What the exercise asks: Only the lines from the start of the data through the line containing "4、先編輯welcome圖層" should be written out, exactly as they are, with both ends included and the pictures left out.

Data provided:
____
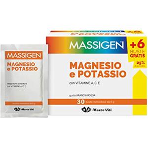 Massigen Magnesio e Potassio - Integratore Alimentare con Vitamine A, C, E - 24 6 Bustine Monodose Gusto Arancia Rossa in Integratori e Vitamine
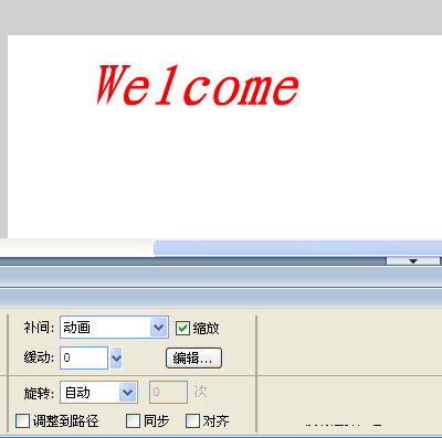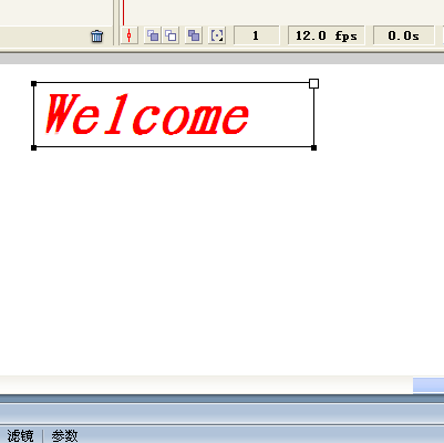 4、先編輯welcome圖層,選中welcome層的第一幀,選取工具箱的文本工具。然后,在舞臺下方的屬性檢查器中設置文字的屬性,并在舞臺上輸入"Welcome"字樣。
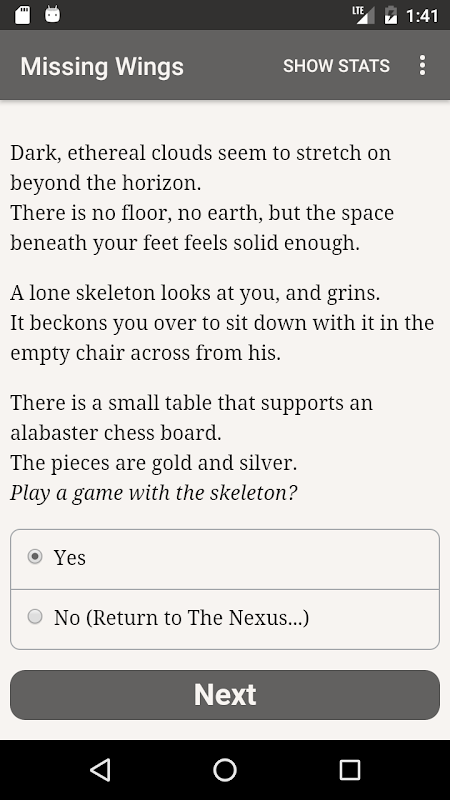“Missing Wings”是由Carlos H. Romero Jr.製作的一部14萬字的互動小說,你的選擇可以控制故事。它完全基於文本 - 沒有圖形或聲音效果 - 並且受到你想像力的巨大,不可阻擋的力量的推動。
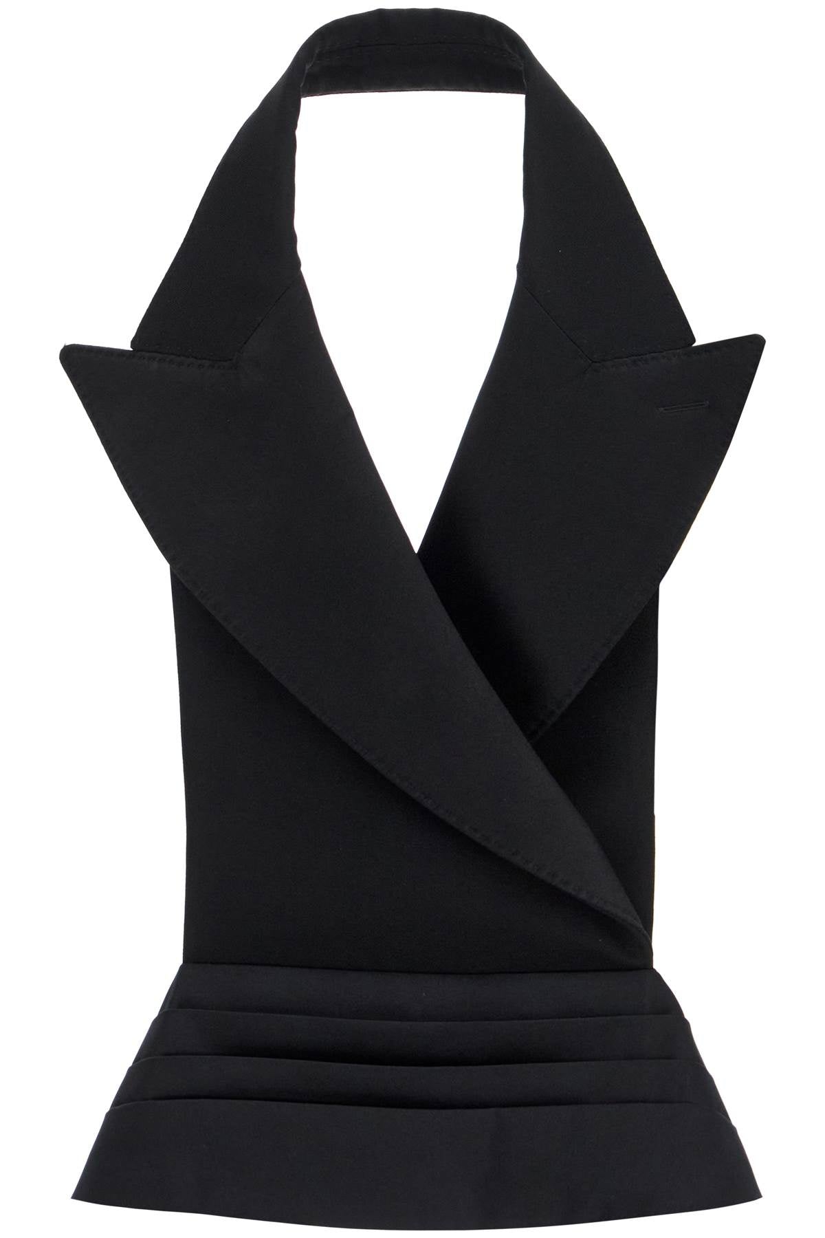 This Dolce & Gabbana double-breasted vest is characterized by an open back design. Made of virgin wool gabardine and silk satin, it features a halter neckline with wide peak lapels and a pleated waistband. The elastic adjustable strap on the back has a buckle closure. The model is 177 cm tall and wears size IT 40.
____
Answer space:
 Massigen Magnesio e Potassio - Integratore Alimentare con Vitamine A, C, E - 24 6 Bustine Monodose Gusto Arancia Rossa in Integratori e Vitamine
 4、先編輯welcome圖層,選中welcome層的第一幀,選取工具箱的文本工具。然后,在舞臺下方的屬性檢查器中設置文字的屬性,并在舞臺上輸入"Welcome"字樣。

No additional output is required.